Efficient protocol. The Storage Write API is more efficient than the older insertAll method because it uses gRPC streaming rather than REST over HTTP. The Storage Write API also supports binary formats in the form of protocol buffers, which are a more efficient wire format than JSON. Write requests are asynchronous with guaranteed ordering.

Schema update detection. If the underlying table schema changes while the client is streaming, then the Storage Write API notifies the client. The client can decide whether to reconnect using the updated schema, or continue to write to the existing connection.

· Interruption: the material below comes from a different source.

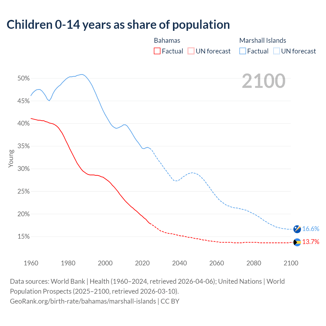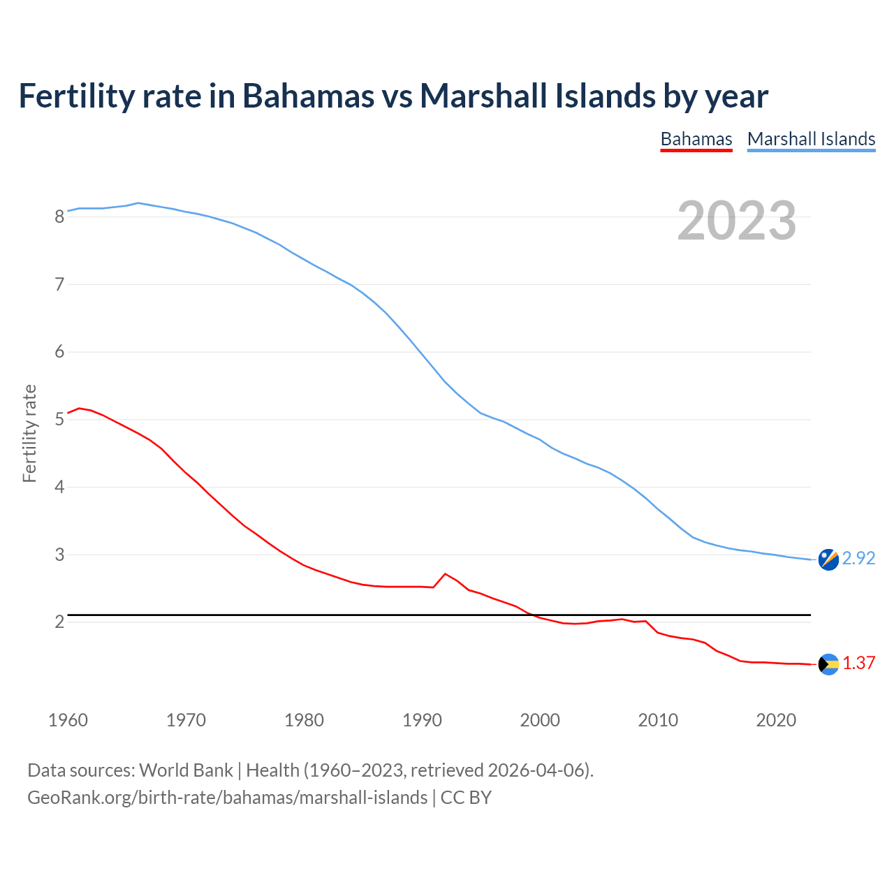 According to the latest available data on birth rates, the fertility rate in the Bahamas was 1.37 children per woman in 2023, compared to 2.92 in the Marshall Islands in 2023. The replacement level is considered to be 2.1 children per woman.

Lower cost. The Storage Write API has a significantly lower cost than the older insertAll streaming API. In addition, you can ingest up to 2 TB per month for free.

Required permissions

To use the Storage Write API, you must have bigquery.tables.updateData permissions.

The following predefined Identity and Access Management (IAM) roles include bigquery.tables.updateData permissions:

  • bigquery.dataEditor
  • bigquery.dataOwner
  • bigquery.admin

For more information about IAM roles and permissions in BigQuery, see Predefined roles and permissions.

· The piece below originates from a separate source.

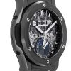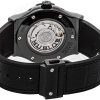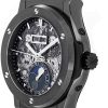 Hublot Classic Fusion Aerofusion Moonphase 42mm Black Magic watch, polished black ceramic case with brushed finished top and bottom center links between the lugs, Reference 547.CX.0170.LR. This model has transparent sapphire crystal main dial with applied polished finished index hour markers and polished finished hands. Black dial flange on the dial perimeter with fine printed minute/seconds track. Calendar functions: day and month windows located beneath the 12 o’clock position: day and month discs with black printed skeletonized date numbers, white background located at the display windows to highlight the current date; date displayed on the perimeter of the sub-dial at the 6 o’clock position; moonphase display sub-dial at the 6 o’clock position. Polished black ceramic crown engraved with the Hublot logo. The dial closed by a Scratch-resistant Sapphire Crystal with Anti-reflective Treatment. Of Sapphire Crystal made transparent case back. The watch is equipped fixed black ceramic bezel with a brushed finished top and polished finished beveled edge, secured with 6 polished “H” style titanium screws. Black composite resin “bezel lug” sandwiched between the bezel and case. The watch is self-winding mechanical Hublot Caliber HUB1131, contains 25 Jewels and has an approximate power reserve of 42 hours. This model presented on a black rubber strap with a stiched black alligator leather top with Black PVD Stainless Steel Deployant Buckle Clasp. The water resistance is up to 50m/150ft (5 ATM).
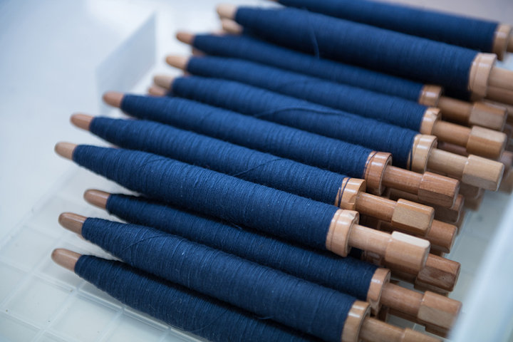 藍色のボビン。これを「杼」にセットする。織りあげた布に「耳」が出るのが「シャットル織機」の特徴。

Overview of the Storage Write API

The core abstraction in the Storage Write API is a stream. A stream writes data to a BigQuery table. More than one stream can write concurrently to the same table.

Default stream

The Storage Write API provides a default stream, designed for streaming scenarios where you have continuously arriving data. It has the following characteristics:

  • Data written to the default stream is available immediately for query.
  • The default stream supports at-least-once semantics.
  • You don't need to explicitly create the default stream.

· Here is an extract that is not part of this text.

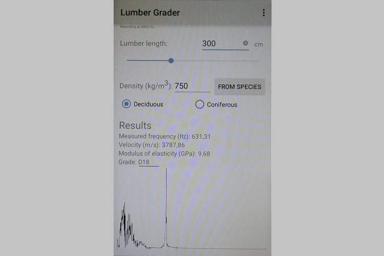 共振木材分级计是一个简单的工具。它由一把锤子和一个带有专门软件的Android手机或平板电脑组成。用户输入长度、选择树种,木材分级计将采用该树种的平均密度,用于可以覆盖已有的密度值。然后敲击木材的端部基于EUROCODE338标准的分级即显示在屏幕上。由于密度的不确定性,该分级仅作为参考信息。

If you are migrating from the legacy tabledata.insertall API, consider using the default stream. It has similar write semantics, with greater data resiliency and fewer scaling restrictions.

API flow:

  1. AppendRows (loop)

For more information and example code, see Use the default stream for at-least-once semantics.

Application-created streams

You can explicitly create a stream if you need either of the following behaviors:

  • Exactly-once write semantics through the use of stream offsets.
  • Support for additional ACID properties.

In general, application-created streams give more control over functionality at the cost of additional complexity.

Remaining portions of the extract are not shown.